Ce fut, comme aux jours de la Pucelle d’Orléans, une jeune fille qui emboucha la trompette et sonna la charge. Mais, si la première avait été une héroïne, la seconde fut une extatique et même une fanatique.
On remarquait au village d’Aldyngton, dans le Kent, une jeune fille d’une apparence étrange. Quoiqu’elle fût d’un âge qui se distingue d’ordinaire par la fraîcheur et l’éclat du teint, sa face était blême et son œil hagard. On la voyait tout à coup trembler de tout son corps, perdre l’usage de ses membres, de son intelligence, prononcer des phrases étranges, incohérentes, et tomber roide et inanimée sur le sol. Elle était du reste de mœurs exemplaires. Le peuple criait au miracle, et le recteur de la paroisse, Master, prêtre avide et fourbe, voyant ces attaques d’épilepsie, résolut d’en profiter pour acquérir de l’honneur et de l’argent. Il insinua à la pauvre malade que les paroles extraordinaires prononcées par elle, provenaient d’une inspiration céleste, et lui déclara qu’elle serait coupable, si elle tenait secrète cette œuvre merveilleuse de Dieu. Un moine de Cantorbéry, nommé Bocking, se joignit au prêtre, dans le dessein d’exploiter cette maladie au profit du parti romain. Ils représentèrent à Elisabeth Barton (c’était le nom de la fille du Kent) que la cause de la religion courait de grands dangers en Angleterre ; qu’on voulait congédier les moines et les prêtres ; mais que Dieu, dont la main défend son Église par les plus humbles instruments, l’avait suscitée en ce jour néfaste pour soutenir cette arche sainte que le roi, ses ministres et son parlement voulaient renverser. Ce discours plut à la jeune fille ; sur la foi des prêtres, elle vit dans ses crises des transports divins ; un sentiment d’orgueil la saisit ; elle accepta le rôle qu’on lui assignait. Soudain son imagination s’échauffa : elle annonça qu’elle avait des communications avec les bienheureux, avec les anges, avec le diable même. Etait-ce chez elle simple imposture, était-ce enthousiasme ? Il y avait de l’un et de l’autre ; le but, d’ailleurs, sanctifiait à ses yeux les moyens. Elle affectait, en parlant, des tournures étranges, des figures incompréhensibles, une langue poétique, et revêtait ses visions de rimes grossières, qui faisaient sourire les gens instruits, mais qui répandaient ses oracles parmi le peuple. Bientôt elle se mit sans scrupule au-dessus de la vérité, et animée d’une fiévreuse énergie, ne craignit pas d’exciter le peuple à l’effusion du sang.

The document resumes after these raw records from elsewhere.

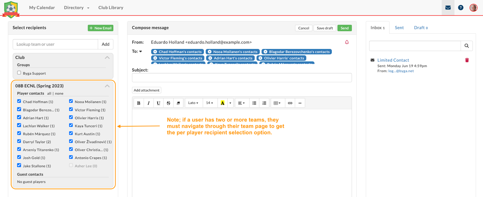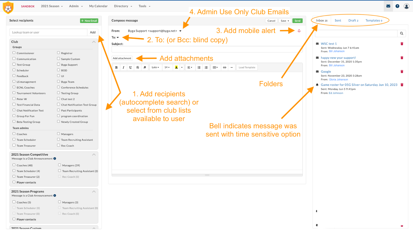 Click on the New Email button to start composing a message. In addition, if users are within various portions of the app (e.g., a team, an event), clicking on the Byga message icon will automatically populate the relevant recipients.
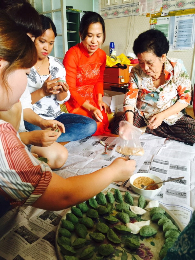 어르신들은 우리 결혼이민여성들에게 쌀가루, 쑥가루, 호박가루 등 반죽을 깨와 콩 등으로 만든 소를 넣어 동그란 모양으로 송편 빚는 방법 등을 가르쳐주며 화답했다.
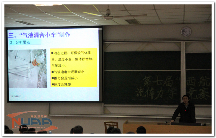 谭慧俊教授结合历届作品的图片指出了往年参赛选手经常出现的问题,并针对水重力驱动小车以及气液混合驱动小车的制作给同学们做了详细地指导,耐心地介绍了有关流体力学方面的知识。通过谭慧俊教授的指导,同学们明白了结合理论知识的重要性,并对作品的制作有了更深层次的了解。之后,由上届专业组和业余组第一名两位同学也与大家交流了各自的参赛经历。
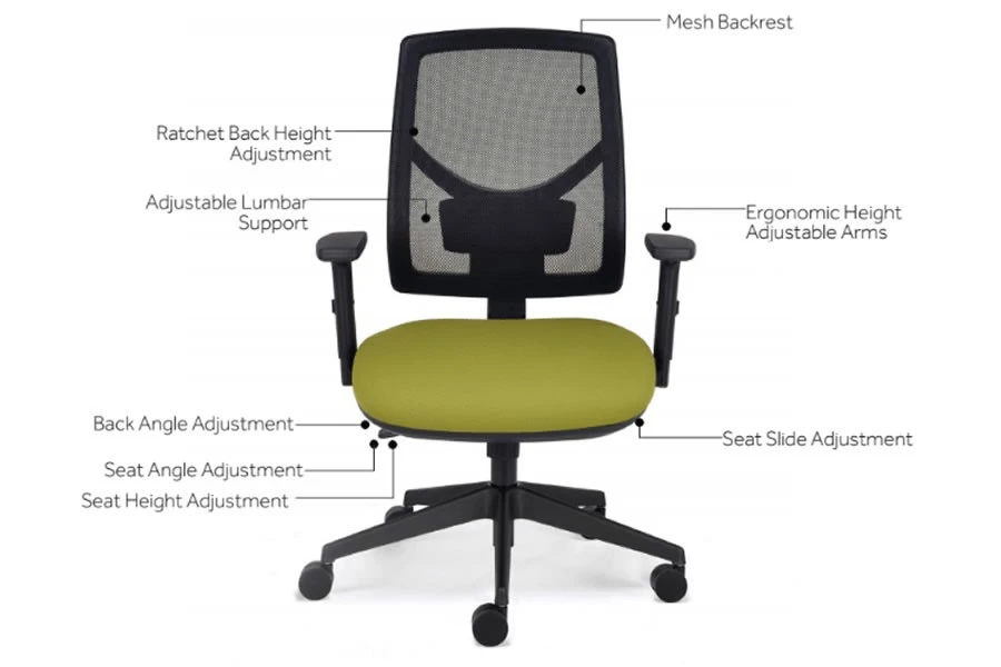- Height adjustable breathable mesh back>

Il y avait dans la paroisse, quelque part au milieu des champs, une vieille et pauvre chapelle, depuis longtemps abandonnée, où une grossière image de la Vierge se trouvait suspendue. Le prêtre Master résolut d’en faire un lieu de pèlerinage lucratif. Il fit agréer cette pensée à Elisabeth, et bientôt celle-ci déclara que c’était dans ce saint édifice, consacré à Dieu, que la Vierge la guérirait de sa maladie. On l’y porta avec un certain appareil, et on l’y plaça dévotement devant l’image. Alors une crise la saisit. On vit tout à coup sa langue lui pendre hors de la bouche, ses yeux sortir de leurs orbites, et l’on entendit une voix rauque et caverneuse parler des terreurs de l’enfer ; puis par une transformation étrange, une voix douce et céleste décrire les joies du cielq. Enfin, l’extase finit, Elisabeth revint à elle-même, se déclara parfaitement guérie, et annonça que Dieu lui ordonnait de se faire nonne et de prendre Bocking pour confesseur. La prophétie de la fille du Kent, touchant sa guérison, étant ainsi accomplie, son crédit en fut augmenté.
q – A voice speaking within her belly. » (Cranmer’s Letters and Remains, p. 273.)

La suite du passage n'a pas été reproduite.